Reporters face unusual limits at Padilla terror trial

Security officers might prevent reporters from asking questions of defense lawyers or federal prosecutors under certain circumstances.

May 14, 2007

Sometimes working as a news reporter covering a major terrorism trial comes with a few surprises.

Security is extraordinarily tight at the trial of alleged Al Qaeda operative Jose Padilla and two codefendants. This is no surprise. US marshals have flown here to Miami from across the country to help ensure that the trial is conducted without threat or incident.

But court security officers are enforcing an unusual rule for the trial, which is set to get under way with opening statements Monday. They are prepared to prevent members of the media from asking questions of defense lawyers or federal prosecutors at the trial.

In effect, newspaper, radio, and television reporters are being granted observer status – they may sit quietly, watch the trial, and take notes. But if during a court recess they approach a defense lawyer or prosecutor in the courtroom with a question, they risk being whisked away by security officials.

The ban on media questions also extends to the lobby outside US District Judge Marcia Cooke's courtroom and chambers.

If reporters need to ask questions for clarification or routine housekeeping matters during the trial, they must ask their questions somewhere else.

I learned about this rule the hard way. During a recent five-minute recess during jury selection, I approached one of the prosecutors and asked who at the US Attorney's Office was handling questions from the press.

He gave me the name of a spokesperson and a telephone number. When I lifted my notebook to jot these down, a court security officer confronted me. He accused me of conducting an interview and asked me to step out of the courtroom.

I told him that I'd merely asked a question, but added that I'd never heard of a rule barring news reporters from asking questions, or even from conducting brief interviews in a courtroom at a public trial at a time when both the judge and jury were not in the courtroom.

Having covered scores of hearings and trials in the federal courts as a journalist, I am well acquainted with courtroom etiquette. But I have never heard of courtroom officials barring reporters from asking routine questions.

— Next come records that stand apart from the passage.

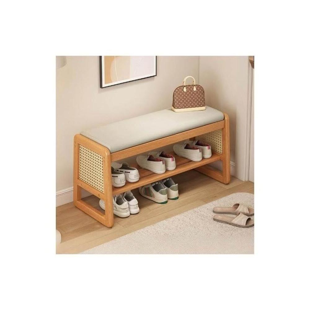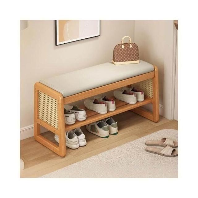 藤编鞋架 入户门家用门口多层收纳实木换鞋凳 可坐鞋柜 換鞋凳 換鞋椅 穿鞋椅 穿鞋凳 儲物椅 歇腳儲物凳 玄關鞋凳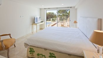 Im Erdgeschoss befindet sich eine große und helle, voll ausgestattete Küche mit einfachem Zugang zum Außengrillbereich. Ein Wohn- und Essbereich mit großen Fenstertüren führt auf die erste Poolterrasse, ein perfekter Ort, um Zeit mit Ihren Gästen zu verbringen. Eines Büro, ein Ankleideraum, zwei Doppelschlafzimmer mit eigenem Bad und ein Hauptschlafzimmer mit eigenem Zugang zur Poolterrasse befinden sich ebenfalls auf dieser Etage.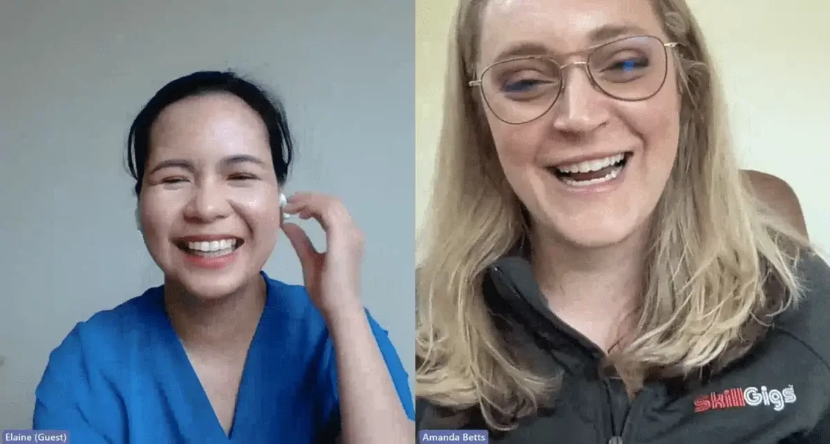 Last week, SkillGigs’ VP of Marketing Amanda Betts, sat down with one of our talented foreign-trained travel nurses, Elaine. Amanda reached out to Elaine to have a recorded conversation about her life as an international travel nurse, what it’s like working with SkillGigs, as well as advice for others considering to be a SkillGigs travel nurse. Below is the full recording followed by the transcript. The conversation is fun and light-hearted and an easy listen on your daily commute! Elaine’s advice and commentary are great for all travel nurses, no matter where you are located.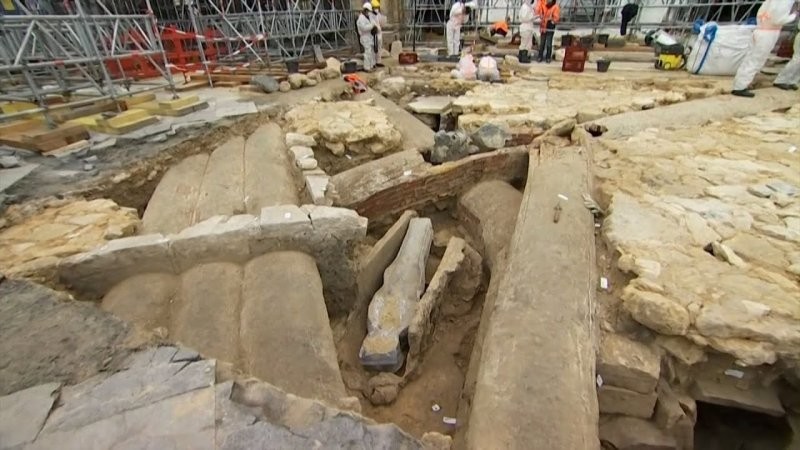 Чтобы восстановить собор в исходном виде, привлекли археологов. Сначала они зарылись в архивы, а потом еще и начали раскопки на месте пожара. И вот во время этих работ они наткнулись на два захоронения - они были под полом Нотр- Дам-де-Пари.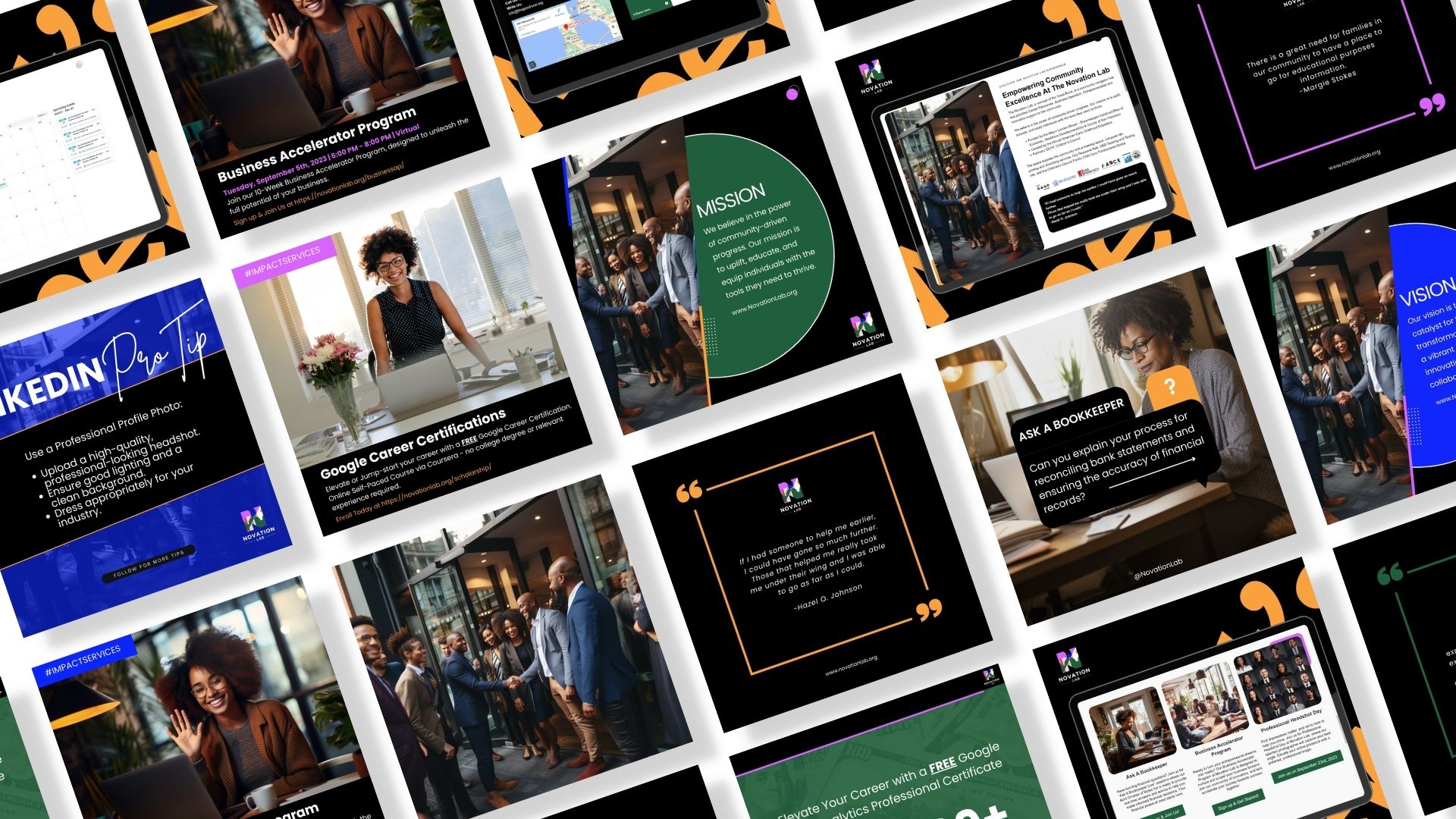 A curated collection of brand identity systems, website builds, campaign visuals, and collateral developed to align positioning, strengthen digital presence, and support long-term growth.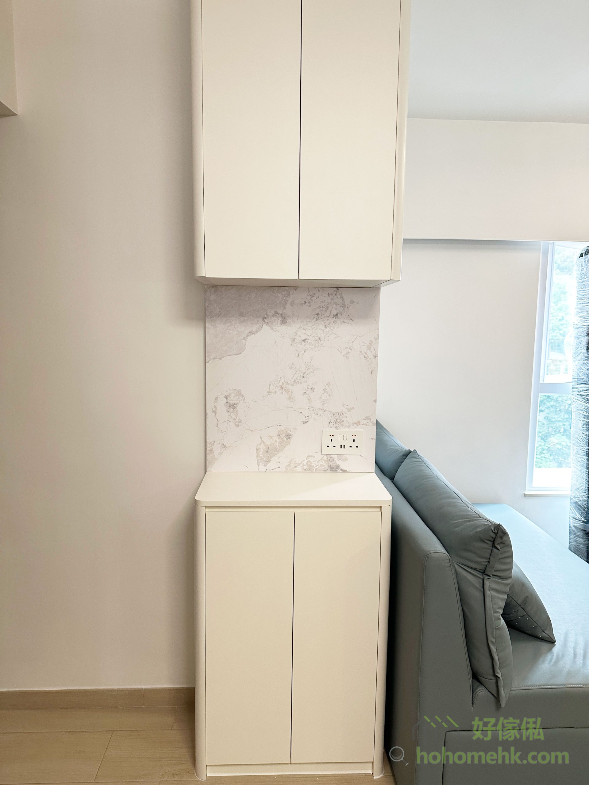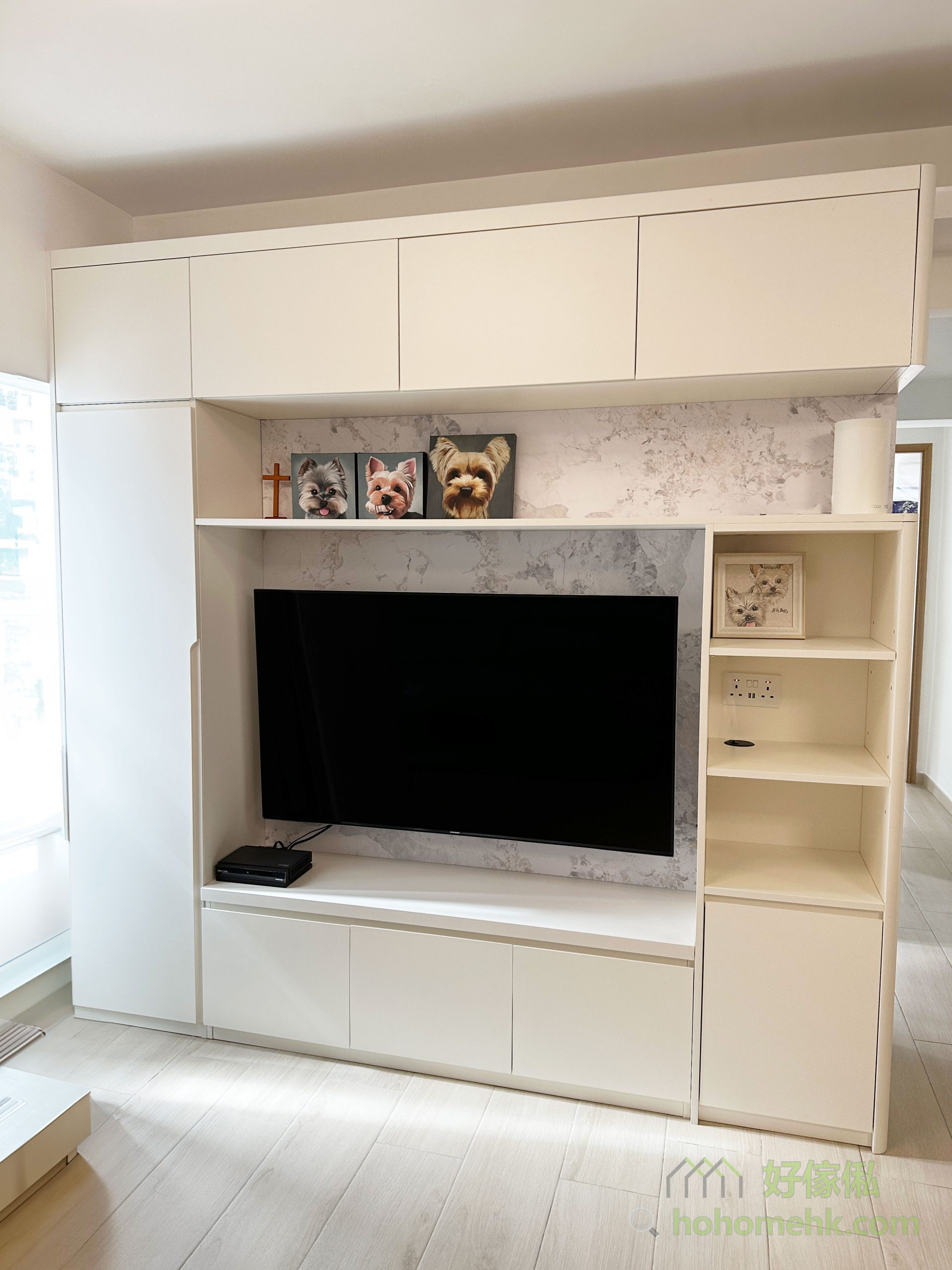 As soon as you enter the living room, the C-shaped cabinet becomes the highlight of the entrance. It is not only practical but also maintains the tidiness of the door. Moreover, it can extend the wall where the sofa is placed. The focal point of the living room is the 7-foot-long TV cabinet, which uses cream white as the main color for the cabinet body and door, combined with simple lines, creating a light and airy visual effect. Although the TV cabinet is relatively large in size, its overall design is not at all cumbersome and blends perfectly into the living room space.As soon as you enter the living room, the C-shaped cabinet becomes the highlight of the entrance. It is not only practical but also maintains the tidiness of the door. Moreover, it can extend the wall where the sofa is placed.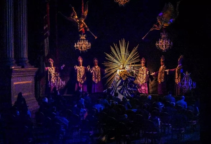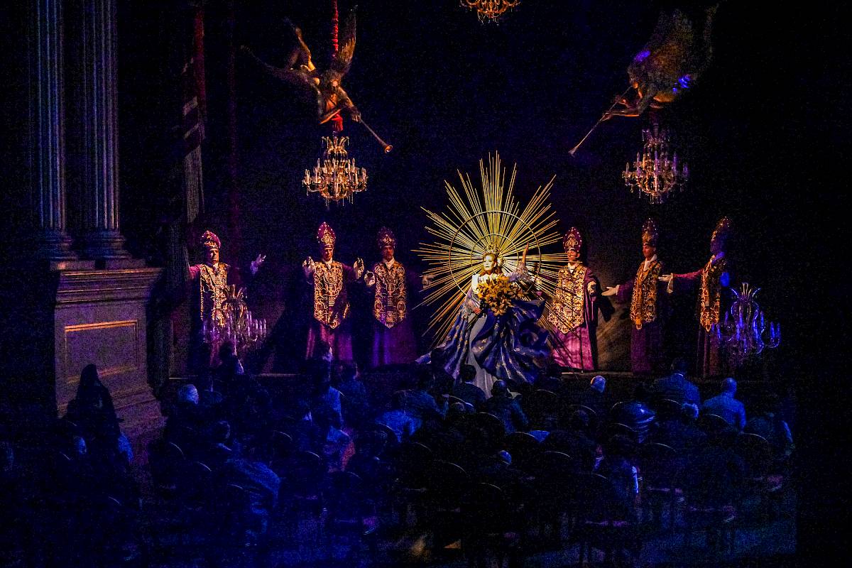 Аналогичная ситуация в постановке «Тоски», сценографическое решение которой нам очень понравилось. С левой стороны сцены – часовня, на стене которой Марио Каварадосси пишет портрет красавицы, вызвавший ревность его возлюбленной, справа – закрытый театральный занавес, намекающий на присутствие за ним сцены: Флория Тоска – певица. Так на сцене объединены миры главных героев, а зрительские кресла посередине, «подходящие» и для церкви, и для театра, напоминают, что вся наша жизнь – театр! Просто, ненавязчиво, элегантно. По законам жанра, согласно которым присутствующее на сцене ружье обязательно должно выстрелить, закрытый занавес на сцене должен был открыться. И он открылся, предъявив взорам восхищенных зрителей зал, где священнослужители в роскошных одеяниях прославляют восседающую на троне-алтаре Флорию Тоску, олицетворение Любви.

Neither has Associated Press correspondent Curt Anderson, who has covered the Padilla case closer than any other reporter. "I don't know of such a rule," he said in an e-mail. "I haven't had any problem talking with the various lawyers anywhere in the courthouse or outside, even in the courtroom itself during breaks."

Jay Weaver of the Miami Herald also says he is unaware of such a rule against journalist questions. "I would like to know what the ground rules are. It is going to come up," he says.

Unlike most trials in federal court, the Padilla trial poses extraordinary challenges to members of the media. It involves a large volume of classified information and a significant portion of the pretrial litigation has taken place in closed hearings that have excluded members of the public and press.

The secrecy is in complete accord with the Classified Information Procedures Act. But for journalists trying to get a handle on the likely turning points in a trial, it is a bit like painting a picture of an iceberg from a seat in an airplane. Most of the substance is hidden from view. That makes fulfilling the media's watchdog role problematic.

Judge Cooke has not issued a formal rule barring the press from asking questions, according to members of her staff. But, they say, she supports the unwritten rule being enforced by the court security officer.

Media interviews conducted in the courtroom – even during recesses – are disruptive and distracting, they say. Interviews conducted in the lobby outside the courtroom might be overheard by jurors or witnesses and taint the trial.

"We are not keeping you from talking to anybody, you just cannot do it on this floor," says Tamara "Tammy" McIntyre, an assistant to Cooke. "We are all for freedom of speech and for you getting whatever story you can, but there have to be boundaries to protect the rights of these defendants."

Legal experts say the judge clearly has the authority to create and enforce rules to protect the integrity of a trial.

Courtroom decorum orders are fairly routine, says Lucy Dalglish, executive director of the Reporters Committee for Freedom of the Press. But such orders must come from the judge, not from courtroom officials enforcing an unwritten rule, she says.

"In general, there has to be a reason for it, and it has to be on the record, and it has to be reasonable," Ms. Dalglish says. "It can't be more invasive of your First Amendment right to speak to people than is absolutely necessary to maintain order in the courthouse."

Eugene Volokh, a professor at UCLA law school and founder of the law blog The Volokh Conspiracy, says the key test is whether the restrictions are reasonable.

"The big picture is that the courthouse is government property and a wide range of restrictions are permissible on government property that wouldn't be permissible elsewhere," he says.

"There have been occasional cases where the [US Supreme Court] has said that even in government buildings certain kinds of restrictions are just so broad as to be unreasonable," Professor Volokh says. "My suspicion is that at least as to the concern about jurors overhearing something, that is a plausible enough concern that at the very least the restriction would not be considered unreasonable."